* Work order *
Below is a listing to transcribe in full and exactly; keep the pictures out.

* Dataset content *

..............................

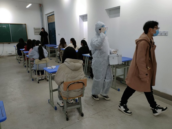 情景一:学生入校。学生排队返校(人间距1米)、体温检测、扫安康码、验收“学生健康承诺书”、对体温略高的学生的处置、对疑似发热人员的处置、对体温严重异常的学生的处置、对校北门及留观区的全面消毒。
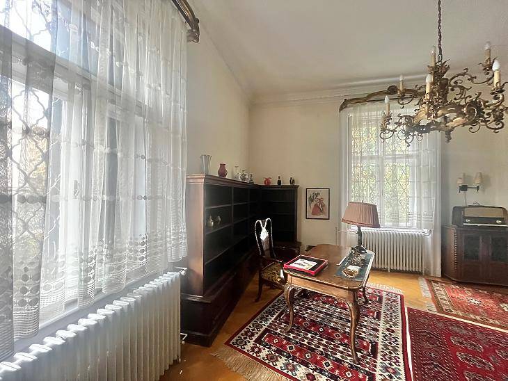 Eladó egy kivételes adottságokkal rendelkező, 195 m²-es, kertkapcsolatos lakás csendes mellékutcában, zöldövezeti környezetben. A lakás külön bejárattal rendelkezik, így teljes intimitást biztosít lakóinak. A 4 méteres belmagasság és a hatalmas ablakok tágas, világos tereket teremtenek, amelyek egyedülálló hangulatot nyújtanak.Az ingatlan 4 szobával, saját pincével és garázzsal rendelkezik, ami kényelmes parkolást és bőséges tárolási lehetőséget biztosít. A társasház kevés lakásos, így nyugodt, családias légkör várja az új tulajdonost.Felújítandó állapotban van, ami kiváló lehetőséget kínál arra, hogy saját ízlésére alakítsa ki az otthonát. A kertkapcsolat pedig ideális választássá teszi mindazok számára, akik szeretik a természet közelségét és a privát szabadtéri teret.Ha egy igazán különleges, világos és tágas otthont keres Budapest egyik legnyugodtabb, zöldövezeti részén, ne hagyja ki ezt a lehetőséget!Fontos információ a hirdetés képei kapcsánA hirdetésben szereplő látványtervek azt mutatják be, hogyan nézhet ki a lakás egy felújítást követően, és milyen potenciál rejlik benne. A jelenlegi tulajdonos azonban a felújítást nem fogja elvégezni a kialakítás teljes mértékben az új tulajdonosra vár. Ez valódi lehetőséget jelent arra, hogy a lakás pontosan olyan legyen, amilyet megálmodott.
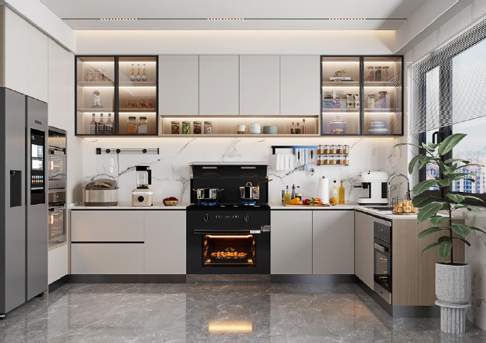 2.廚具的安裝要求專業(yè)人員進行測量、設計、確保制作的尺寸正確。廚具及吊柜(廚具下有調(diào)整腳)水平。燃具和臺面接縫處用硅膠作防水處理,以防積水滲漏。
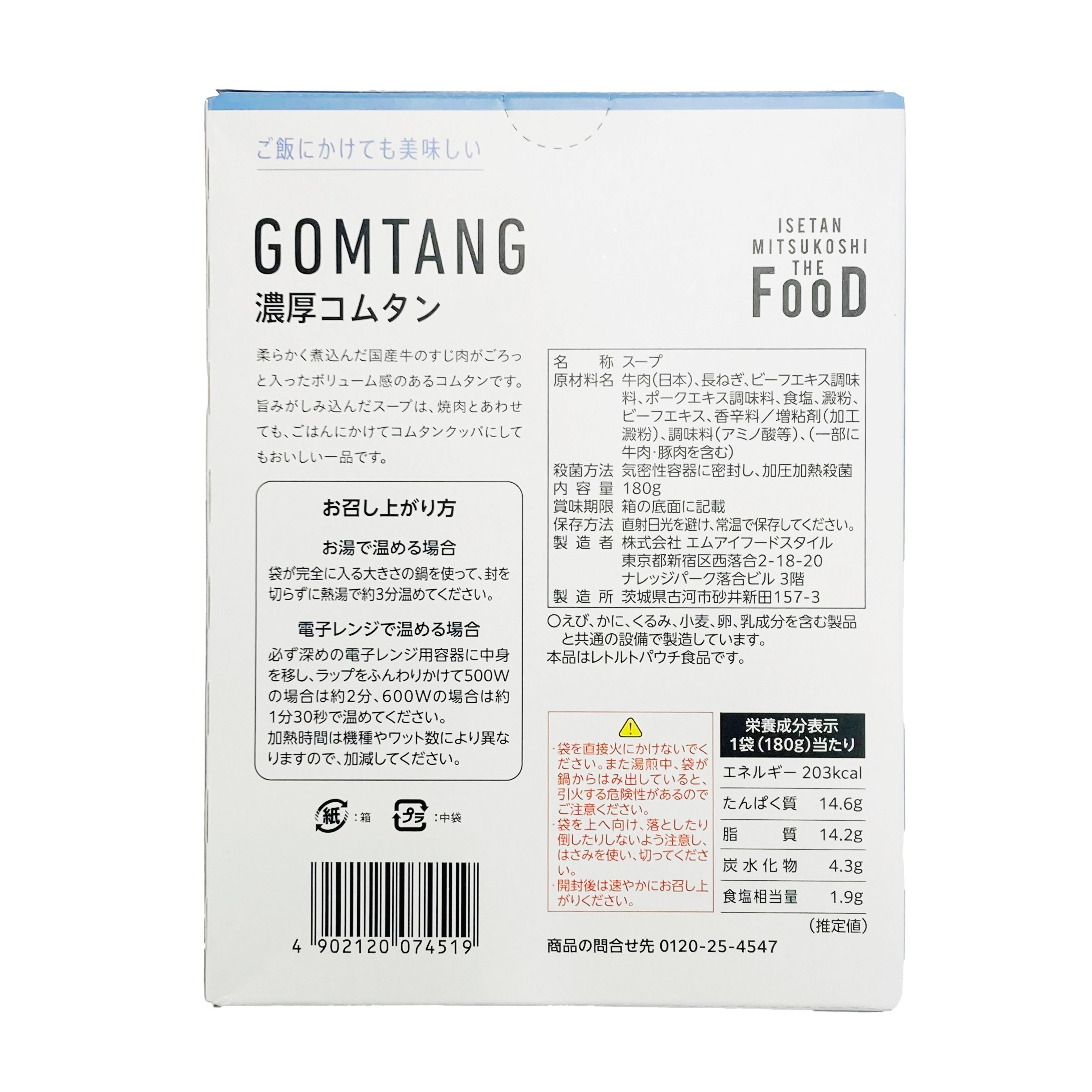 | 濃厚コムタン | 180g | 1個 |

..............................

* Task result *
 情景一:学生入校。学生排队返校(人间距1米)、体温检测、扫安康码、验收“学生健康承诺书”、对体温略高的学生的处置、对疑似发热人员的处置、对体温严重异常的学生的处置、对校北门及留观区的全面消毒。
 Eladó egy kivételes adottságokkal rendelkező, 195 m²-es, kertkapcsolatos lakás csendes mellékutcában, zöldövezeti környezetben. A lakás külön bejárattal rendelkezik, így teljes intimitást biztosít lakóinak. A 4 méteres belmagasság és a hatalmas ablakok tágas, világos tereket teremtenek, amelyek egyedülálló hangulatot nyújtanak.Az ingatlan 4 szobával, saját pincével és garázzsal rendelkezik, ami kényelmes parkolást és bőséges tárolási lehetőséget biztosít. A társasház kevés lakásos, így nyugodt, családias légkör várja az új tulajdonost.Felújítandó állapotban van, ami kiváló lehetőséget kínál arra, hogy saját ízlésére alakítsa ki az otthonát. A kertkapcsolat pedig ideális választássá teszi mindazok számára, akik szeretik a természet közelségét és a privát szabadtéri teret.Ha egy igazán különleges, világos és tágas otthont keres Budapest egyik legnyugodtabb, zöldövezeti részén, ne hagyja ki ezt a lehetőséget!Fontos információ a hirdetés képei kapcsánA hirdetésben szereplő látványtervek azt mutatják be, hogyan nézhet ki a lakás egy felújítást követően, és milyen potenciál rejlik benne. A jelenlegi tulajdonos azonban a felújítást nem fogja elvégezni a kialakítás teljes mértékben az új tulajdonosra vár. Ez valódi lehetőséget jelent arra, hogy a lakás pontosan olyan legyen, amilyet megálmodott.
 2.廚具的安裝要求專業(yè)人員進行測量、設計、確保制作的尺寸正確。廚具及吊柜(廚具下有調(diào)整腳)水平。燃具和臺面接縫處用硅膠作防水處理,以防積水滲漏。
 | 濃厚コムタン | 180g | 1個 |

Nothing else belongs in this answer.